▸ **Exercise prompt**
Only the text belongs in the answer: every line of the records below, transcribed exactly.

(Stored items from a collection)
::::::::::

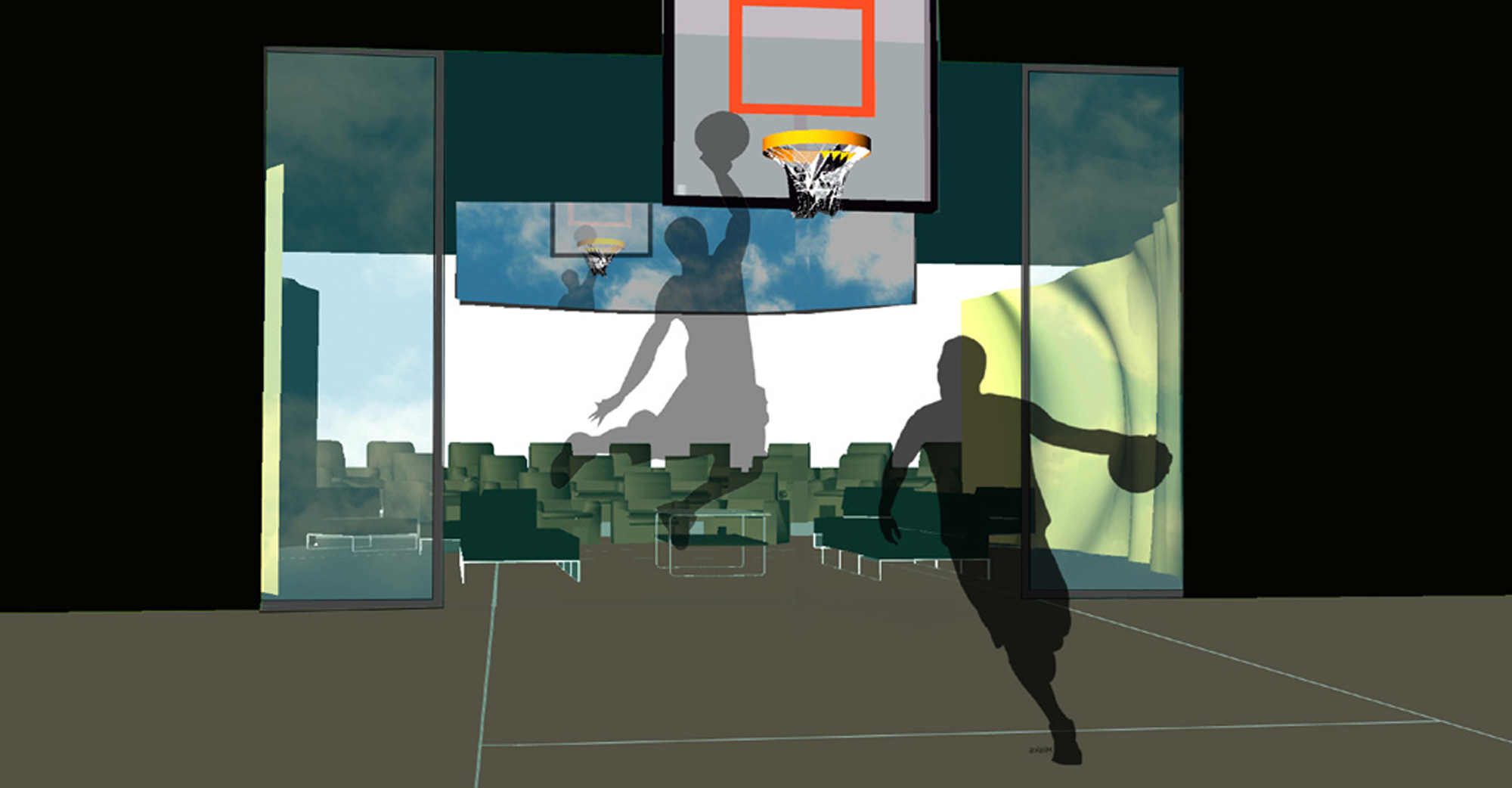 This project was a conceptual introduction for a media company's new studio space. The main clients for this studio were top roster Lakers players, so the design was generated by an inside outside space that doubled as a viewing room for basketball footage and also a small scale half basketball court. The theatre was set up to simultaneously view the virtual games on the media screens and the actual one on one on the in house half court.
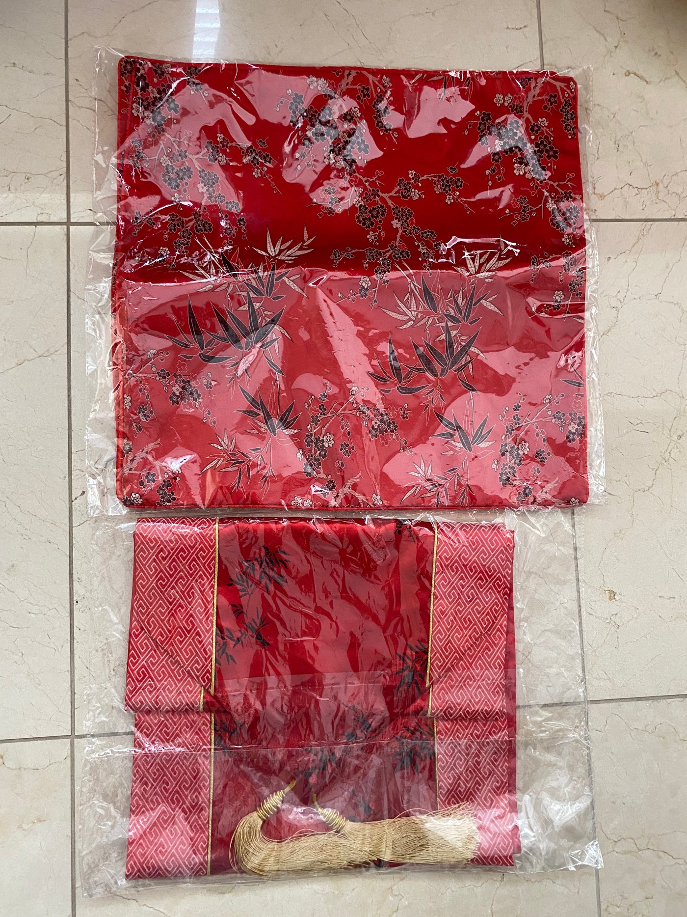 Red Oriental Table Runner & 2 Zippered Pillow Covers.
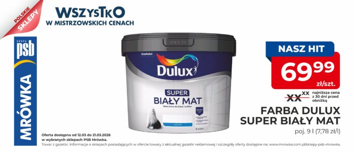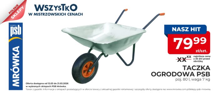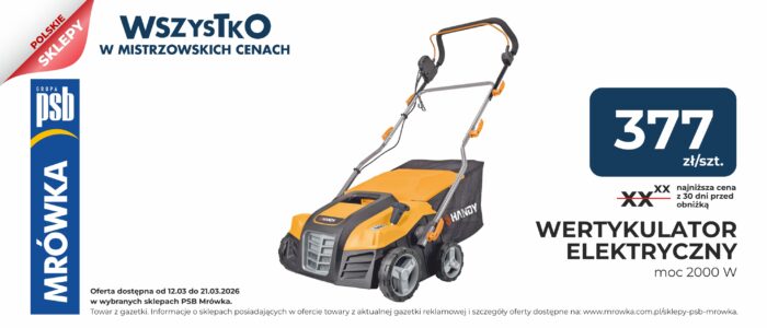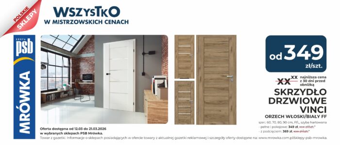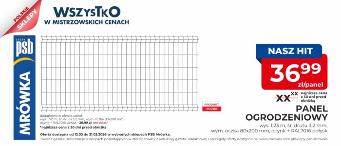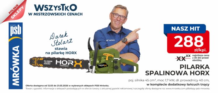 Sklep PSB Mrówka w Nasielsku szybko zdobył wielu stałych Klientów. Jest to zasługą bardzo dobrego zaopatrzenia w artykuły budowlane, do wykończenia budowy i wyposażenia wnętrz oraz wiele innych potrzebnych produktów. Wszystkie oferowane produkty sprzedajemy w konkurencyjnych cenach. Aktualnie jesteśmy największym składem budowlanym na rynku lokalnym – powierzchnia sklepu wynosi niemalże 2000 m2! Swobodnie mieści ona tysiące artykułów, od płyt gipsowych, tynków i gładzi, przez farby, silikony, lakiery, aż po okładziny podłogowe, panele podłogowe czy też meble kuchenne ogrodowe lub do łazienek. Ponadto oferujemy szereg narzędzi i elektronarzędzi, akcesoria rowerowe i motoryzacyjne, jak również elementy hydrauliki. Jesteśmy też dostawcą węgla i drewna opałowego. Ponadto w asortymencie znajdują się: drzwi wewnętrzne oraz zewnętrzne, karmy dla zwierząt, kora ogrodowa, odzież robocza BHP, rośliny ogrodowe i systemy kominowe czy też ziemia ogrodowa i wiele innych. W sprzedaży mamy także okna i rolety.
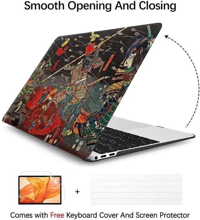 Berkin Arts Compatible with MacBook Pro 13 inch Cover, 2022, 2021, 2020-2018 Release A1708 with Keyboard Cover & Screen Protector Ukiyo-e (The Kusunoki's Final Attack by Kuniyoshi)
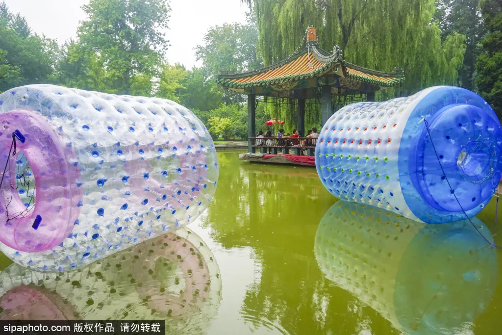 公园里也有游玩项目,水上波波球挺适合年轻人,累了就在旁边的亭子里歇歇、吹吹风,也挺惬意的~
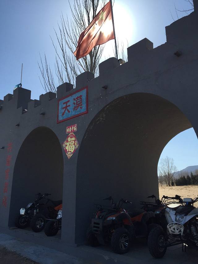 天漠其实有两个地方,但是挨着很近的。先经过的是天漠影视基地,里面是以前有的剧组拍摄完留下的场景。另一个是在往里面走的天漠景区,这两个地方都是要门票的,30/人,当然你可以跟他们讲价,我们影视基地就划到了25/人哈。
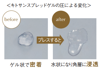 独自成分「キトサン*2スプレッドゲル」が圧をかけることで弾けてさらに浸透。さらに肌に留まることで肌内部*1の潤いをキープ。肌の水分量をアップし、乾燥を防ぎます
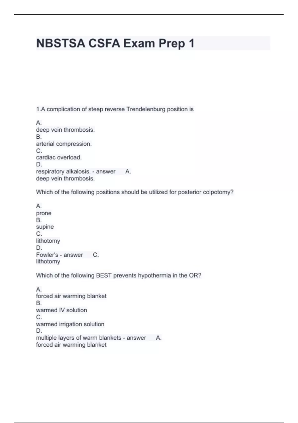 NBSTSA CSFA Exam Prep 1 Questions and Answers 2024
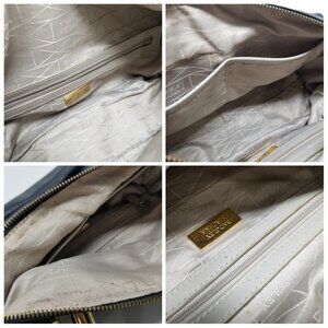 CONDITION: Normal wear on the hardware, zipper handle, twist lock clasp, the hardware on the sides. There is also normal wear on the patent leather around the zipper, lining near zipper. Minor wear on the inside lining and normal wear on lining inside of back zipper outside pocket as shown in the photos.

::::::::::

▸ **Written response**
 This project was a conceptual introduction for a media company's new studio space. The main clients for this studio were top roster Lakers players, so the design was generated by an inside outside space that doubled as a viewing room for basketball footage and also a small scale half basketball court. The theatre was set up to simultaneously view the virtual games on the media screens and the actual one on one on the in house half court.
 Red Oriental Table Runner & 2 Zippered Pillow Covers.
 Sklep PSB Mrówka w Nasielsku szybko zdobył wielu stałych Klientów. Jest to zasługą bardzo dobrego zaopatrzenia w artykuły budowlane, do wykończenia budowy i wyposażenia wnętrz oraz wiele innych potrzebnych produktów. Wszystkie oferowane produkty sprzedajemy w konkurencyjnych cenach. Aktualnie jesteśmy największym składem budowlanym na rynku lokalnym – powierzchnia sklepu wynosi niemalże 2000 m2! Swobodnie mieści ona tysiące artykułów, od płyt gipsowych, tynków i gładzi, przez farby, silikony, lakiery, aż po okładziny podłogowe, panele podłogowe czy też meble kuchenne ogrodowe lub do łazienek. Ponadto oferujemy szereg narzędzi i elektronarzędzi, akcesoria rowerowe i motoryzacyjne, jak również elementy hydrauliki. Jesteśmy też dostawcą węgla i drewna opałowego. Ponadto w asortymencie znajdują się: drzwi wewnętrzne oraz zewnętrzne, karmy dla zwierząt, kora ogrodowa, odzież robocza BHP, rośliny ogrodowe i systemy kominowe czy też ziemia ogrodowa i wiele innych. W sprzedaży mamy także okna i rolety.
 Berkin Arts Compatible with MacBook Pro 13 inch Cover, 2022, 2021, 2020-2018 Release A1708 with Keyboard Cover & Screen Protector Ukiyo-e (The Kusunoki's Final Attack by Kuniyoshi)
 公园里也有游玩项目,水上波波球挺适合年轻人,累了就在旁边的亭子里歇歇、吹吹风,也挺惬意的~
 天漠其实有两个地方,但是挨着很近的。先经过的是天漠影视基地,里面是以前有的剧组拍摄完留下的场景。另一个是在往里面走的天漠景区,这两个地方都是要门票的,30/人,当然你可以跟他们讲价,我们影视基地就划到了25/人哈。
 独自成分「キトサン*2スプレッドゲル」が圧をかけることで弾けてさらに浸透。さらに肌に留まることで肌内部*1の潤いをキープ。肌の水分量をアップし、乾燥を防ぎます
 NBSTSA CSFA Exam Prep 1 Questions and Answers 2024
 CONDITION: Normal wear on the hardware, zipper handle, twist lock clasp, the hardware on the sides. There is also normal wear on the patent leather around the zipper, lining near zipper. Minor wear on the inside lining and normal wear on lining inside of back zipper outside pocket as shown in the photos.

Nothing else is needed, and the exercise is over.